HFNC was started in patients who had moderate respiratory distress and/or respiratory acidosis (pH < 7.35, pCO2 > 45 mmHg) upon arterialized capillary blood gas analysis. AirvO2 equipment (Fisher and Paykel Healthcare, Inc., Auckland, New Zealand) was used with continuous cardio-oximetric monitoring. The initial flow was set at 2 L/kg/min with an FiO2 level of 30% and with subsequent FiO2 titration to maintain SatO2 levels between 92% and 97%. The criteria for considering treatment upgrading were a failure to improve the respiratory rate or heart rate, respiratory distress within the first 12 h of HFNC initiation, and clinical signs of a risk of respiratory exhaustion.
The nCPAP starting criteria were a failure of LFNC or HFNC oxygen support, clinical signs of a risk for respiratory exhaustion, and severe respiratory distress with or without respiratory acidosis. The devices used were a Fabian Therapy evolution SW 4.0 nasal CPAP device with a nasal interface and an Infant Flow SiPAP device (both from Vyaire Medical Inc., Mettawa, IL, USA). The starting pressure of nCPAP was 5 mBar, which was increased to up to 6.5–7 mBar with an initial FiO2 level at 30% titrated for SatO2 between 92% and 97% [23]. Patients who did not show any clinical improvement (reduction in heartrate and respiratory rate and/or better respiratory dynamics), who required an increase in FiO2 of up to 60% with a pressure of 7.5–8 mBar, and who showed episodes of apnea were considered for PICU admission. Once nCPAP was started, breastfeeding was encouraged for non-nutritive comfort purposes; direct contact with the caregiver (generally the mother holding the baby in her arms) was also allowed to improve adaptation.
Two-tailed Student’s t-test and Fisher’s exact test were used to compare the nCPAP and no-nCPAP group data with the significance level set to 0.05.

3. Results

Clinical data of 82 patients hospitalized for bronchiolitis were collected. Of the 82 infants admitted for bronchiolitis, 16 (19%) were treated with nCPAP (nCPAP group); of the remaining 66, 21 (26%) were treated with a low-flow nasal cannula (LFNC) only, 1 (1%) was also treated with a high-flow nasal cannula (HFNC), 12 (15%) were treated with an HFNC only, and 41 (50%) were treated without oxygen support (no-nCPAP group).
The main clinical data of the two groups are summarized in Table 1.
The groups were comparable in terms of age, the presence of comorbidities, and the prevalence of RSV and SARS-CoV-2 infection. The nCPAP group had a significantly lower mean weight (p = 0.043) and underwent chest radiography more frequently (p < 0.001).

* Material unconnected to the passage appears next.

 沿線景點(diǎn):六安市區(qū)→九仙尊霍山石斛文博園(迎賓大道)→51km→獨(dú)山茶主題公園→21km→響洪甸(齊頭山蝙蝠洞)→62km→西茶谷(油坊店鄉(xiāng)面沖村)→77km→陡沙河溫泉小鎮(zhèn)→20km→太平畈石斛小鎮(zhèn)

Upon admission to hospital (T0), the infants in the nCPAP group were more frequently dyspneic (p < 0.001) and tachycardic (p = 0.0024), and they had worse hemogasanalysis results (i.e., respiratory acidosis, hypoxemia, and hypercapnia). The progression of O2 and respiratory support in both groups is summarized in Table 2.
When admitted, all the patients in the nCPAP group received some kind of respiratory support (LFNC, HFNC, or nCPAP), while only 27/66 (41%) infants in the no-nCPAP group were supported with an LFNC or HFNC.

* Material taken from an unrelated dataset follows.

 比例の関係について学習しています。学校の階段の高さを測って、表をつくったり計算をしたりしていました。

An HFNC was the first respiratory support in eight (50%) of the children in the nCPAP group and in twelve (18%) of those in the no-nCPAP group (p = 0.019). One infant in the nCPAP group received nCPAP as the first respiratory support, seven (44%) were treated with an LFNC as the first support, and eight (50%) received a first HFNC. As the second respiratory support, nine patients received nCPAP and six patients received an HFNC. nCPAP was the third respiratory support in six patients. The total length of support was slightly longer in the nCPAP group than in the no-nCPAP group (p = 0.07), while the total stay in the pediatric ward was significantly longer in the nCPAP group (p < 0.001). Due to worsening clinical conditions despite support with nCPAP, 3/16 (18.7%) infants were referred to the PICU after 1, 2, and 4 days of stay in the pediatric ward, respectively.

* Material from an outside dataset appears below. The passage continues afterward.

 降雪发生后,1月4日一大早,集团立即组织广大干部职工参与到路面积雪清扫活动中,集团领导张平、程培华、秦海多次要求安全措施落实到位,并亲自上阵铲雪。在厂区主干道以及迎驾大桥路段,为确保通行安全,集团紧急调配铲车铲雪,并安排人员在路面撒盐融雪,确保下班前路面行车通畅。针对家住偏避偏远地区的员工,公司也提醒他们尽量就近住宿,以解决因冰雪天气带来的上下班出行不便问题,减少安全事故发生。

In the nCPAP group, two patients were late preterm and one was affected by an atrioventricular canal defect in chromosomopathy.
About three children who required to be referred to PICU, the first patient was a 29 days-old, born late preterm at 36 + 2; who received first HFNC than nCPAP support, arrived in PICU he continued CPAP support. The second patient was a 20 days-old neonate with-out risk factor: the patient received first HFNC than nCPAP.When he arrived in the PICU, he received CPAP support. The third patient was 7 months old with an atrioventricular canal defect in chromosomopathy who first received an LFNC and then nCPAP. After being transferred to the PICU, the patient required invasive support and later required extra-corporeal membrane oxygenation. The first and second patients were discharged after being in good clinical condition for some days, and the third patient died two months later.
Of the eighty-two patients considered, thirty-two (39%) received glucocorticoids, forty-eight (58%) received inhaled therapy (salbutamol, adrenalin), and twenty-two (27%) received at least one dose of antibiotic therapy. None of them received antiviral therapy. In the nCPAP group, three (19%) patients received antibiotic therapy, four (25%) received glucocorticoids, and three (19%) received inhaled therapy.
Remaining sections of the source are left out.